Something wildly unexpected happened the other day: Film director Roman Polanski was taken into custody in Switzerland for his rape of a 13-year-old girl at Jack Nicholson’s house in 1977. The grand jury transcript is stomach-turning. His victim, Samantha Gailey, said the director plied her with champagne and drugs and asked her to remove her clothes for pictures in a hot tub. Polanski then had sex with her despite her resistance and requests to be taken home. He pleaded guilty to the lesser offense of sex with a minor, but fearing a prison term, he fled the country.
Now something utterly expected is happening: Morally bankrupt libertines in Hollywood and other artistic banana republics are rushing to Polanski’s defense.
Welcome to the world of Roman Polanski, Child Rapist/Victim.
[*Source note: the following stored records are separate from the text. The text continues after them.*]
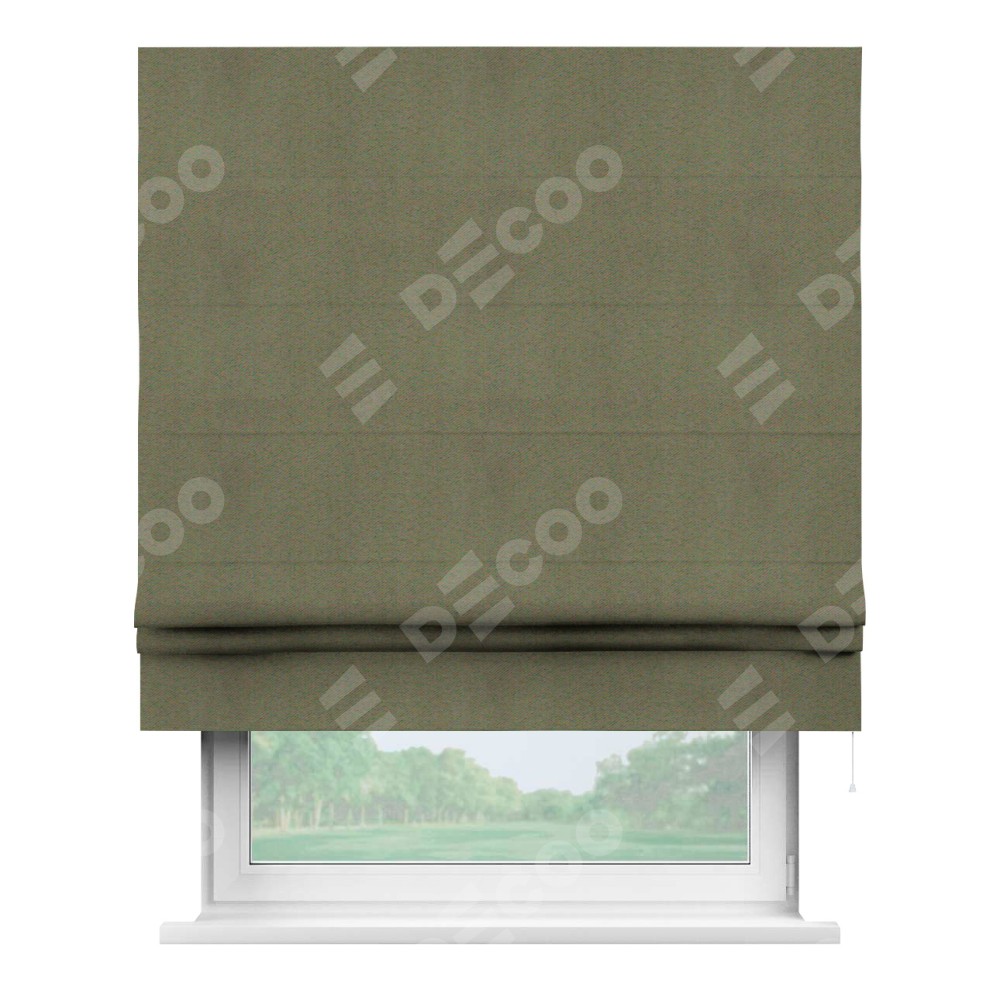 Римская штора производителя «Cortin», используется для проёма, пошита из ткани блэкаут однотонный серо-коричневый, артикул ткани 29568. Имеет универсальный механизм и подходит для монтажа: на потолок, на стену и в нишу.
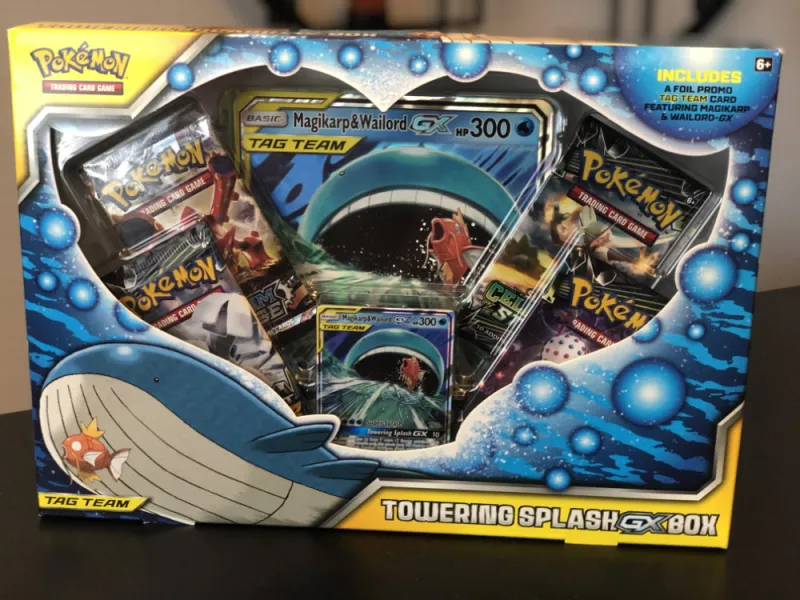 The new expansion introduces more than 180 new cards, including 6 Tag Team pairings. The Pokémon Company sent us a ton of booster packs, both themed decks (Relentless Flame starring Charizard and Torrential Cannon starring Blastoise), and the Towering Splash GX box featuring a special Magikarp & Wailord GX Tag Team card.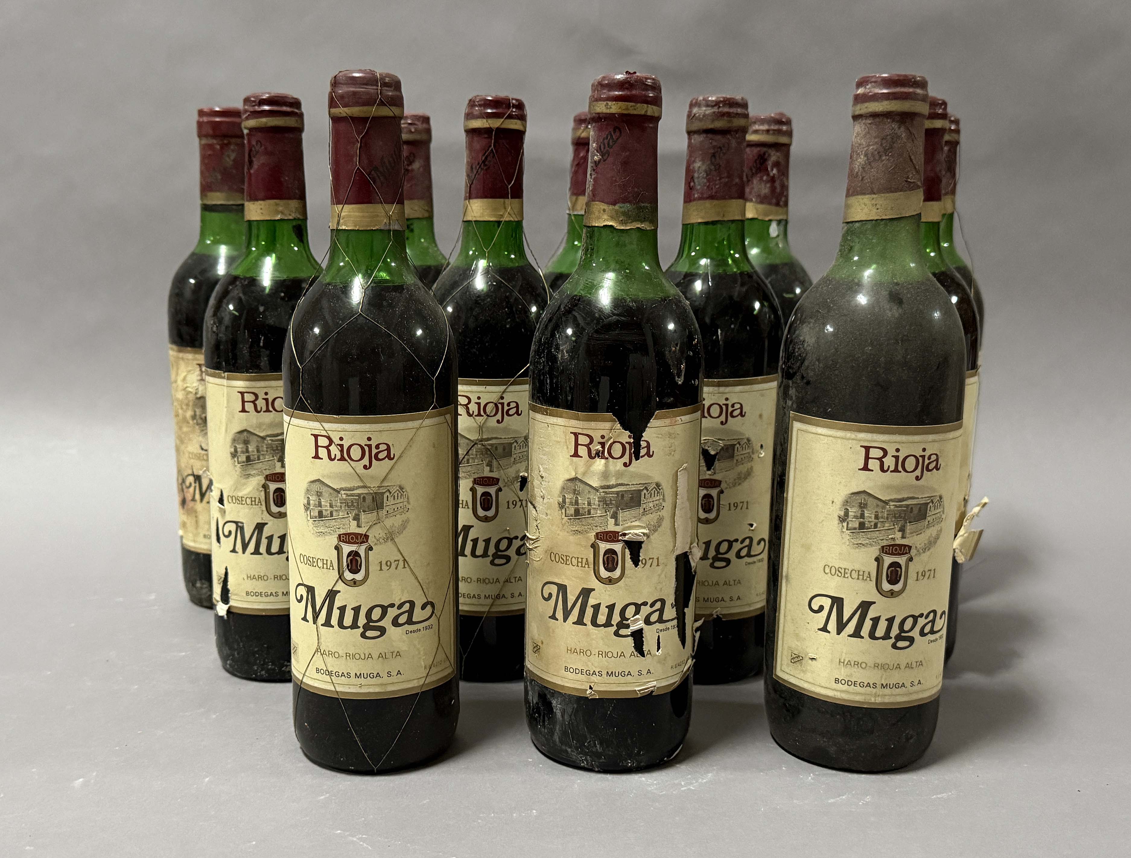 Lote compuesto por 12 botellas de vino Bodegas MUGA crianza de 1971. Haro La Rioja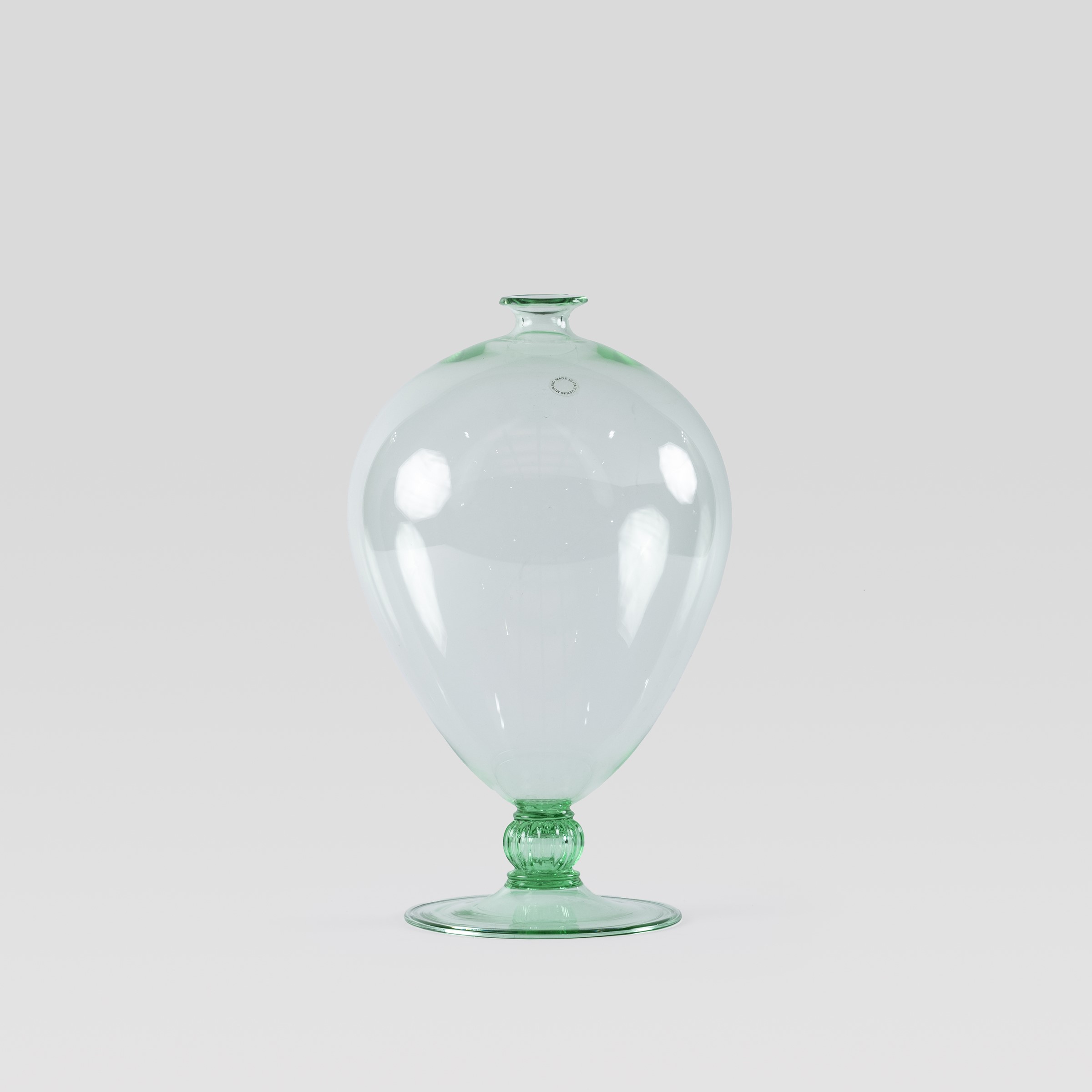 Murano,1996 vaso serie Veronese in vetro soffiato verde acqua, firma a punta Venini 96, etichetta della produzione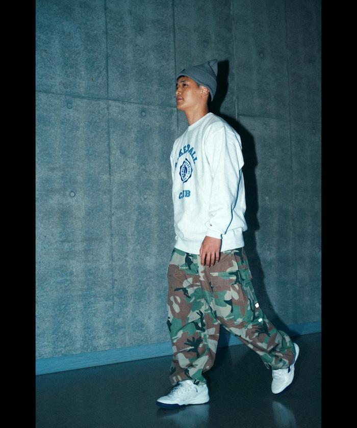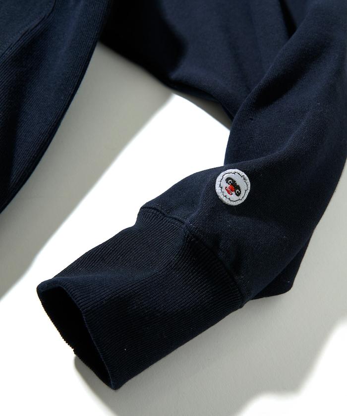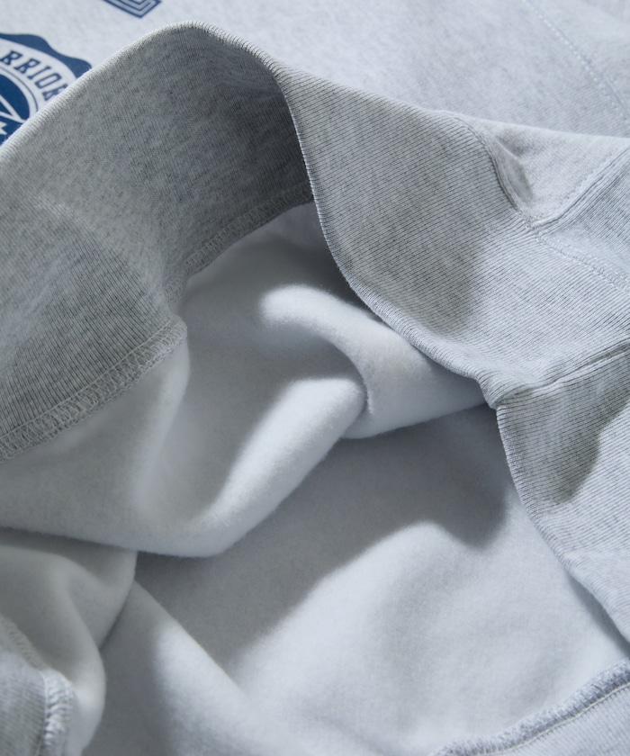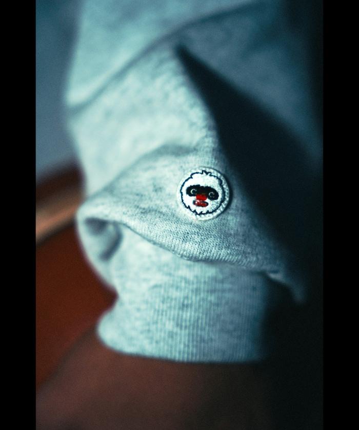 正面的印花采用了復古服裝上常見的學院運動風格設計,並印有球隊名稱。隨意變形的圓形俱樂部名稱給人一種復古服裝的感覺。面料表面紋理粗糙,手感粗糲,側邊採用羅紋設計,不易變形,越洗越有獨特的質感。袖子也非常寬鬆,穿起來輕鬆自如,宛如復古的輪廓。稍大的尺碼可以讓你享受粗獷的穿衣風格。
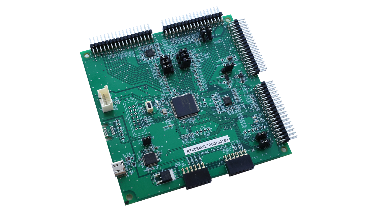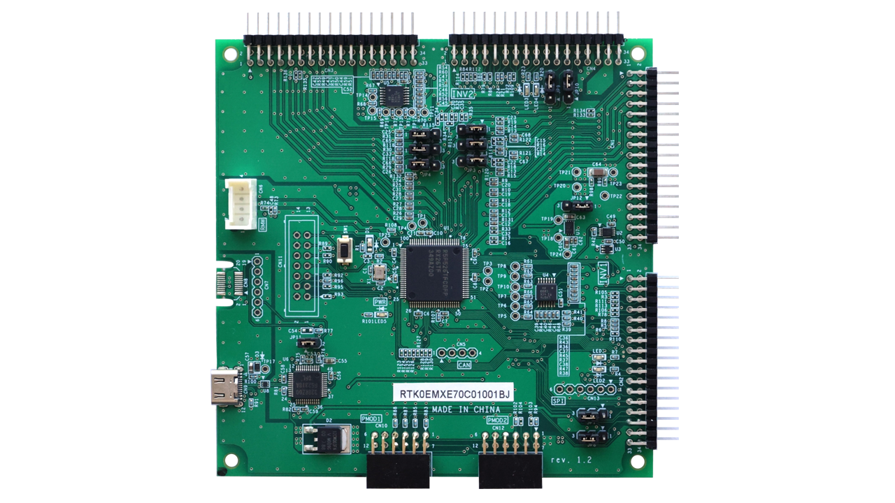 This product is a CPU board for motor control equipped with RX26T. Motor control using RX26T can be easily realized by using it in combination with a supported inverter board. By using a supported communication board, the CPU board can be electrically isolated from the PC for safe motor control evaluation and debugging.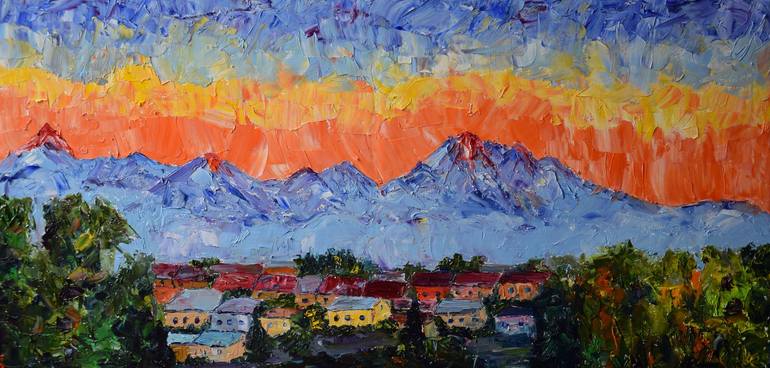 Sunset mountains is a beautiful big artwork in bright and contrast colours. Free brush and palette knife work, expressionistic impasto style, but still maintaining the vivid and accurate image of the landscape. This painting is original, authentic, one-of-a-kind, 100% hand painted. Created using oi...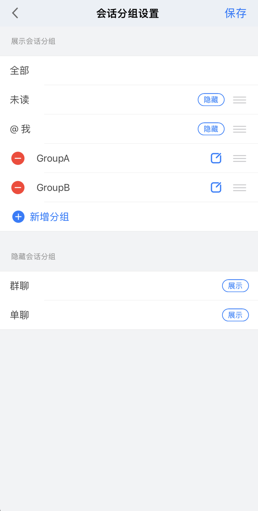 在会话分组列表界面,点击右上角的“管理”按钮,就可以跳转到分组管理界面,在分组管理界面您可以创建、删除、编辑、隐藏分组,也能对分组进行重排序,如下图所示: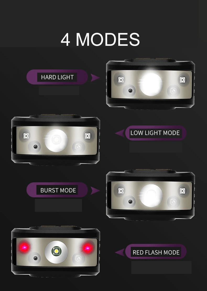 Мощный налобный фонарь флэш-светильник, 8000 Люмен USB Перезаряжаемые головной светильник, 4 режима работы светильник, Водонепроницаемый головной светильник s с движения Сенсор и встроенный батареи для использования на открытом воздухе, лучше всего подходит для кемпинга, рыбалки, бытовая

Has-been actress Debra Winger joined the first line of ludicrous defense, since she was president of the jury of the Zurich Film Festival, where Polanski was headed to receive a lifetime achievement award when he was apprehended. Let’s hope Winger is never allowed to serve on a real jury. She simply doesn’t care about Polanski’s guilt. He is a filmmaker and an artist, and for this crowd anything and everything goes.
Winger denounced Swiss authorities for their "philistine collusion" in arresting Polanski, and then whined that "this fledgling festival has been unfairly exploited, and whenever this happens the whole art world suffers." Of Polanski, she declared with a flourish: "We stand by and await his release and his next masterwork."
The Huffington Post, the Internet’s most infamous hangout for deranged celebrities, carried a series of pathetic Polanski defenses. Winning the Artists Are Above The Law Award was an ambitious film critic named Kim Morgan, who grotesquely channeled the Winger vibe: "I’ve always contended that Polanski has depicted women with complication, humanity, ugliness and most important, empathy. Polanski is an artist, an acute observer of life’s darkness and absurdities on the level of Dostoevsky or Nietzsche."
Yes, that Polanski was so full of empathy as he ignored the little girl repeatedly saying "No" while he molested her.
She then wrote, "I write this not to defend statutory rape, I write this to study the visions of a troubled, talented human being, a human being who has gone through real horror himself and a human being who also happens to be one of the greatest filmmakers alive." But she also said she opposed his arrest. She was defending a rapist — but not statutory rape, see.
An even bigger lout is Miramax studio boss Harvey Weinstein, who organized a petition of filmmakers to demand freedom for Polanski: "Whatever you think about the so-called crime, Polanski has served his time." (He served 42 days before he skipped out on sentencing.) Polanski is not only excused because he is an "artist," he is a "humanist" and even a "scapegoat." Weinstein supported a documentary last year arguing that the real injustice came not from the rape, but from the oppression of Polanski by his prosecutors/persecutors in Los Angeles.
Weinstein compounded the foolishness by circulating a petition of famous directors who’ve joined the protest. Amazingly, the list includes Woody Allen, another famous dirty old man in Hollywood, who scandalously carried on a sexual relationship with an adopted stepdaughter 34 years his junior, and then married her.
Then there’s Whoopi Goldberg, whose defense of Polanski on ABC’s "The View" was that "it wasn’t rape-rape," since he pleaded guilty to sex with a minor. Earth to Whoopi: It was statutory rape. It was non-consensual. Goldberg claimed everybody needed to wait for facts, even though the facts of the rape are crystal clear, as is the justice this man tried to evade. None of that matters to her.
Amoral Goldberg also trotted out the "Europe favors pedophilia" defense: "We’re a different kind of society. We see things differently. The world sees 13-year-olds and 14-year-olds — in the rest of Europe, they are seen, often times (as adults) … I do know that not everybody agrees with the way we see things."
She has a point there. In France, the culture minister is outraged: "Scary America … has just shown its face."
For his part, Polanski was always mystified that anyone cared about his hideous, felonious behavior. He thought everyone wanted to do what he did, as he proclaimed in an interview with novelist Martin Amis in 1979: "If I had killed somebody, it wouldn’t have had so much appeal to the press, you see? But … f—ing, you see, and the young girls. Judges want to f— young girls. Juries want to f— young girls. Everyone wants to f— young girls!"
But as more than one Catholic leader has observed, what if his name were Father Roman Polanski? Oh, then they’d all be singing a different tune, wouldn’t they? Hypocrites.